Section: Opinion

Baehr wrongly maligned

By Fred Baumann

Enough is enough and too much is plenty. Recently, Richard Baehr ’69, a graduate and former trustee of Kenyon and a defender of Israel, was smeared in the Collegian (“Islamophobia Persists,” Feb. 26) as guilty of “Islamophobia.” It was said that he had painted the “global community” of Islam with a “dehumanizing brush.” The charge was based on a double falsehood. One was implicit, namely that the writer had heard the lecture, when, as I understand it, he had attended another event at the same time. The other was explicit, for Baehr did not say what the writer said Baehr had said. This misrepresentation was also the sole citation from the talk and the sole evidence for the charge. Beyond these falsehoods, Baehr was smeared by association with others, for things he hadn’t written or edited. Further, the author tries to whip up “outrage” in the community.  

An isolated incident? Alas, not. For years there has been a repeated pattern at Kenyon of smear tactics used against conservatives, or supporters of Israel. When American Enterprise Institute scholar Charles Murray came to give a very fine and well-received talk on class differences in America, he was preemptively smeared as a racist who should not have been invited. Before that, the great historian Bernard Lewis was smeared as an Islamophobe.

Neoconservatives have been accused with that broad “dehumanizing brush,” to borrow a phrase, of being Islamophobes. The philosopher Leo Strauss and those of us influenced by him here at Kenyon have been smeared as well. The suggestion was made that perhaps our first-year course, The Quest for Justice, shouldn’t be as popular as it is. (Other examples could be provided.) The point of all this rather shameful name-calling is pretty obvious. On the one hand, it serves to intimidate anyone who disagrees with the progressive orthodoxy. On the other, and more importantly, it seeks to intimidate anyone (and here mostly students) who might want to keep an open mind.

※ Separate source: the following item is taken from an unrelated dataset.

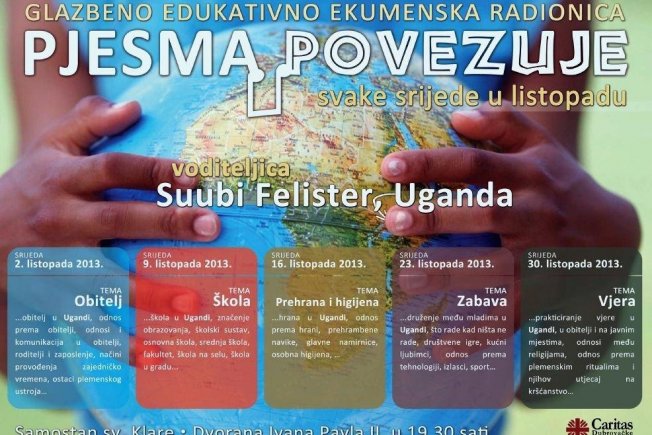 Caritas Dubrovačke biskupije organizira glazbeno-edukativne radionice koje će voditi volonterka Suubi Felister iz Ugande. Dubrovačka studentica svaki put će govoriti o drugoj temi. Prisutne će Suubi također pokušati naučiti pjevati duhovne pjesme na jeziku Ugande kao i tradicionalne plesne korake. Program radionica pronađite dolje.

They are told from the outset that these are bad people or not worth listening to, and the implication is that if you are persuaded by them you too will be in bad repute as a “conservative,” or “racist” or “Islamophobe.”

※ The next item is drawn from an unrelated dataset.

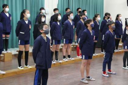 6年生が3日の卒業おめでとう集会の練習をしています。

Very recently, after a controversial anti-Israel lecturer was received without incident, one of the lecturer’s enthusiastic supporters praised Kenyon for its good behavior by calling it “a true learning community.” I would like to suggest that we still have a ways to go. In a “true learning community,” unsaid words are not put into the mouths of opponents, and they are not smeared or freely called names, however ideologically fashionable. It’s time for this to stop. And it is time for the “silent majority” of this community, which has, for the past decade or so, appeared either to enjoy the show or to turn away from it in civilized disdain, to speak up and join in saying that this must stop. Understand: I am not calling for outrage. I am calling for mutual respect.